Conversations in My Neighborhood #3

(Gardening in my backyard.)

Man Walking Up Alley: Hello

Me: Hi, how are you?

Man: What size pants are you?

Me: I'm sor-ry?

Man: I've got these jeans. They're Jones New York. Real nice. They are a size 16. Is that good for you? I can give them to you for a nice price.

Me: Oh!!! Um, no sorry, that's not my size.

Man: Oh okay. Well, if you know anybody. They're Jones New York.

Conversations in My Neighborhood #2

(Walking my dog down a side street when man approaches from alley.)

Man: Hey

Me: Hi, how are you?

Man: What's your dog's name? What do you call your dog?

Me: Suki

Man: Stupid? You named your dogs Stupid?

Me: Suuuu-kkkeeeeeee

Man: Stuki? I have a cat. I named it Mr. T. Why don't you like cats?

Me: I like them fine.

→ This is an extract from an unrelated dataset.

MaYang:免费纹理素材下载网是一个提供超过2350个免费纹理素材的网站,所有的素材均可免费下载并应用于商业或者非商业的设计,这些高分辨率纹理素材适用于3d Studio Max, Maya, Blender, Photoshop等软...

I just like dogs better.

Man: Yeah, like if someone comes up in your house and your dog's like, "ruff, ruff, ruff! bow wow!!!!"

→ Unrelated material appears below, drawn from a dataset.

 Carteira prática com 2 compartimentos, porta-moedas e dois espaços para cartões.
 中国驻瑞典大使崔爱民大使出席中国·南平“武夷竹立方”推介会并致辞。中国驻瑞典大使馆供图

Me: Okay, I'm going this way..... (point in opposite direction)

Conversations in My Neighborhood #1

I'm in the backyard gardening when three, young black males who actually do look slightly tougher than most of the guys cutting through the alley walk by.

Me: Hi, how are you?

Dude: Hello.

(pause)

Dude: You gardening? You do yard work all the time?

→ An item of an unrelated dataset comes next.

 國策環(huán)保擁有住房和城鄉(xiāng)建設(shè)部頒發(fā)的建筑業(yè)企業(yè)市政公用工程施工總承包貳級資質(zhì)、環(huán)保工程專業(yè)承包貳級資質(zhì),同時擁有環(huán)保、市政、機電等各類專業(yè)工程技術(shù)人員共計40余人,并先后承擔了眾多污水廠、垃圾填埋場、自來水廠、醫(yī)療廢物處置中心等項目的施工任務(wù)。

Me: Um, no. It's hard work. I try to do it as little as possible.

Dude: Oh yeah?

(I really have no idea why he asked that. Was he trying to find out if this was my profession? If I'm going to be out there a lot in the future? If this is something all white people do? Maybe he was just making conversation because I said "hi" first. He seemed somewhat perplexed about the whole gardening thing and then managed to totally confound me with his curiosity.)

Stumbling Towards Efficacy

I decided to start writing a blog and I didn't even do that effectively. Efficacy is a word I learned in teaching grad school. There was some gooey talk about doing a lot of self-reflection in order to determine your efficacy as a teacher. It's the noun for effective and it's a word that has been sticking to me like lint in my psychic bellybutton.

I feel like I need to increase my efficacy of being a fulfilled human being. I am kind of floating in this morass of being "brave enough" to give up my job, buying a house in the 'hood, sticking with my man and wanting to get another dog because we provide a really nice life for a dog and we should be spreading it around. And making a "caribbean-themed" guest bedroom because that's funny. And crap like that.

I'm trying to figure out how best to channel these energies so that I actually come out feeling satisfied instead of spending all that adventure on stuff that just feels like it will being fulfilling. And the whole self-doubt thing is not helping. I'm afraid of putting up a bunch of decorating stuff in order to spend time on that instead of finding a job - and going broke in the process.

I feel pretty determined to find some balance on this one.